• _THE TASK_
Here the job is to print all of the entries below verbatim and leave out any picture.

· · · · · · ·

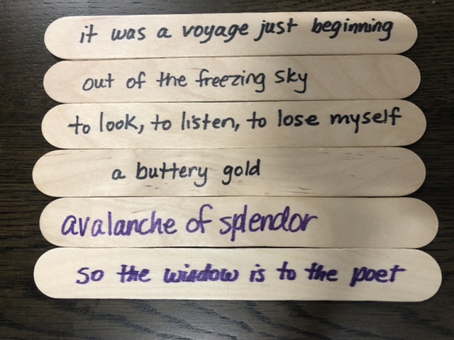 A middle school teacher asked me to work with a group of writers who enjoy creative writing. Time spent with them is the highlight of my entire week! Yesterday, we wrote what I call mashed potato poems by taking lines from existing poems to create new ones.
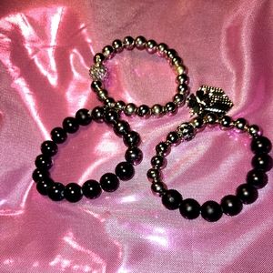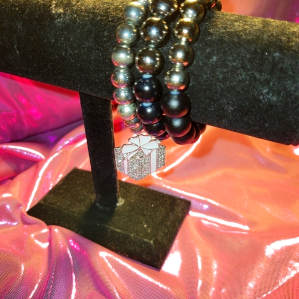 one of a kind beaded bracelet, set of 3, black and silver, one with gift box dangle charm
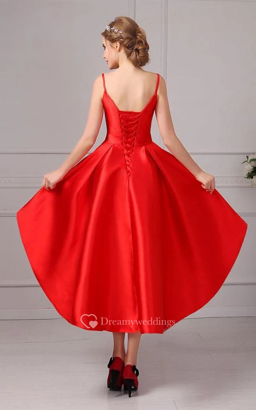 Spaghetti Straps Lace-Up Asymmetrical Prom Dress
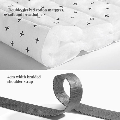 Suo il cuscino staccabile garantisce comfort e sicurezza con un materiale delicato sulla pelle, fodera con cerniera lavabile. Realizzata in poliestere impermeabile al 100%, mantiene la sua forma con un robusto telaio inferiore. Si piega e si apre facilmente con il suo design leggero e dotato di spallacci per una tracolla o una spalla stile borsa o una maniglia superiore per attaccarla a un passeggino. Il nostro passeggino pieghevole portatile per bambini Con la borsa fasciatoio puoi viaggiare con facilità, comodità e stile.
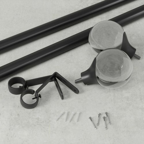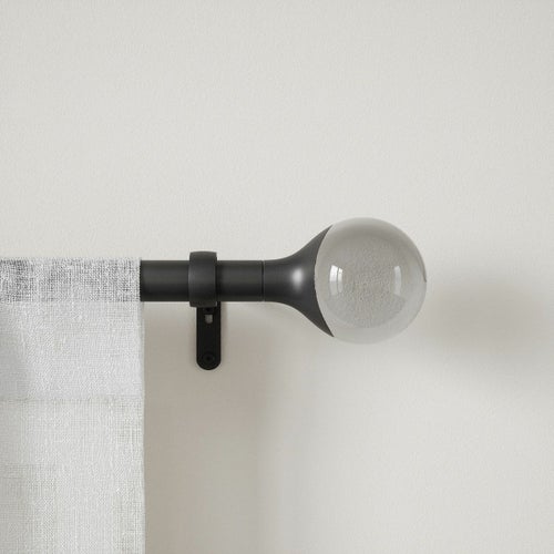 完全なモダンカーテンロッドセット:オーバは、目を引く外観のスモーク仕上げを備えた、ユニークな地球儀のようなフィニアルを備えています。
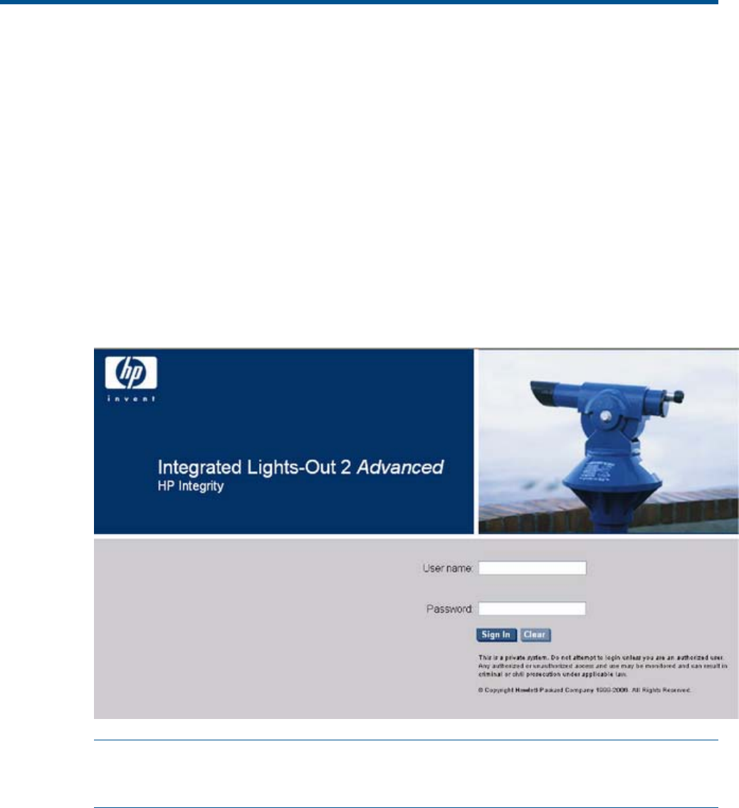 1. Open a web browser and enter the DNS name or the IP address for the iLO 2 MP.
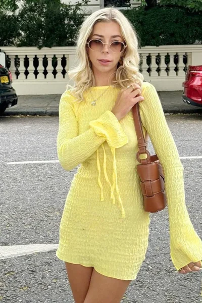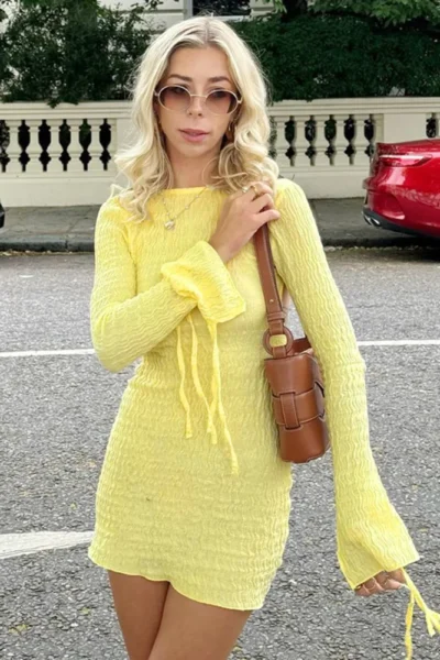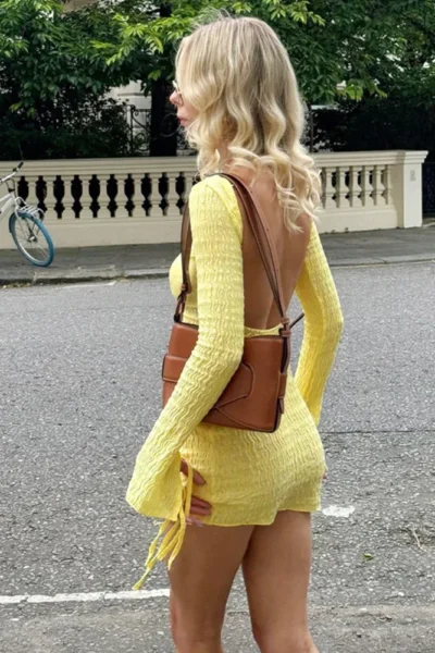 Step into chic sophistication with this elegant backless crumple long sleeve mini dress, designed to make you feel confident and radiant. Perfect for autumn evenings, beachside dinners, or city strolls, it’s a versatile piece that combines timeless elegance with a playful, modern twist.
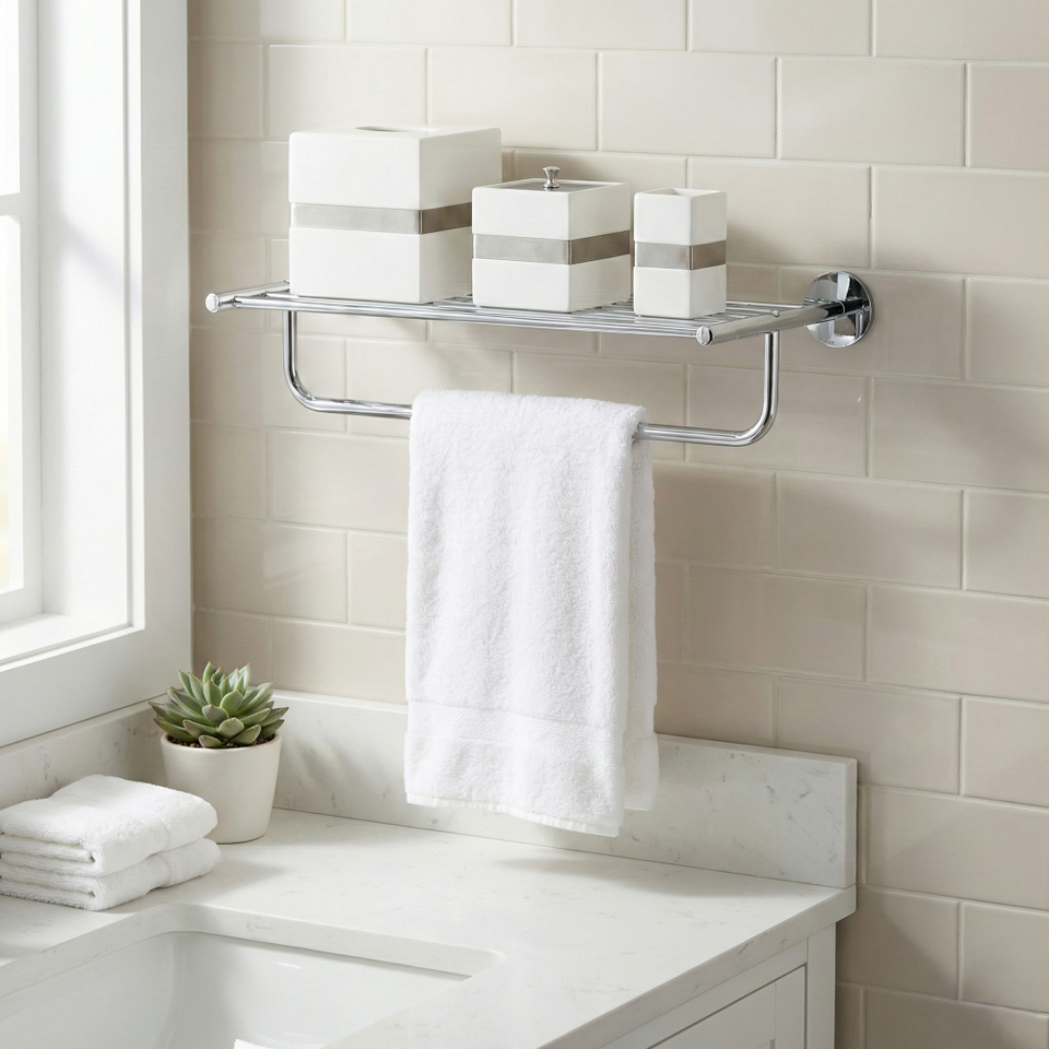 ชั้นวางอุปกรณ์จัดเก็บของในบ้าน,ชั้นวางจัดระเบียบห้องน้ำแบบติดผนังทำจากโลหะใช้ในบ้านแบบ DIY จากไต้หวัน

· · · · · · ·

• _WRITTEN RESPONSE_
 A middle school teacher asked me to work with a group of writers who enjoy creative writing. Time spent with them is the highlight of my entire week! Yesterday, we wrote what I call mashed potato poems by taking lines from existing poems to create new ones.
 one of a kind beaded bracelet, set of 3, black and silver, one with gift box dangle charm
 Spaghetti Straps Lace-Up Asymmetrical Prom Dress
 Suo il cuscino staccabile garantisce comfort e sicurezza con un materiale delicato sulla pelle, fodera con cerniera lavabile. Realizzata in poliestere impermeabile al 100%, mantiene la sua forma con un robusto telaio inferiore. Si piega e si apre facilmente con il suo design leggero e dotato di spallacci per una tracolla o una spalla stile borsa o una maniglia superiore per attaccarla a un passeggino. Il nostro passeggino pieghevole portatile per bambini Con la borsa fasciatoio puoi viaggiare con facilità, comodità e stile.
 完全なモダンカーテンロッドセット:オーバは、目を引く外観のスモーク仕上げを備えた、ユニークな地球儀のようなフィニアルを備えています。
 1. Open a web browser and enter the DNS name or the IP address for the iLO 2 MP.
 Step into chic sophistication with this elegant backless crumple long sleeve mini dress, designed to make you feel confident and radiant. Perfect for autumn evenings, beachside dinners, or city strolls, it’s a versatile piece that combines timeless elegance with a playful, modern twist.
 ชั้นวางอุปกรณ์จัดเก็บของในบ้าน,ชั้นวางจัดระเบียบห้องน้ำแบบติดผนังทำจากโลหะใช้ในบ้านแบบ DIY จากไต้หวัน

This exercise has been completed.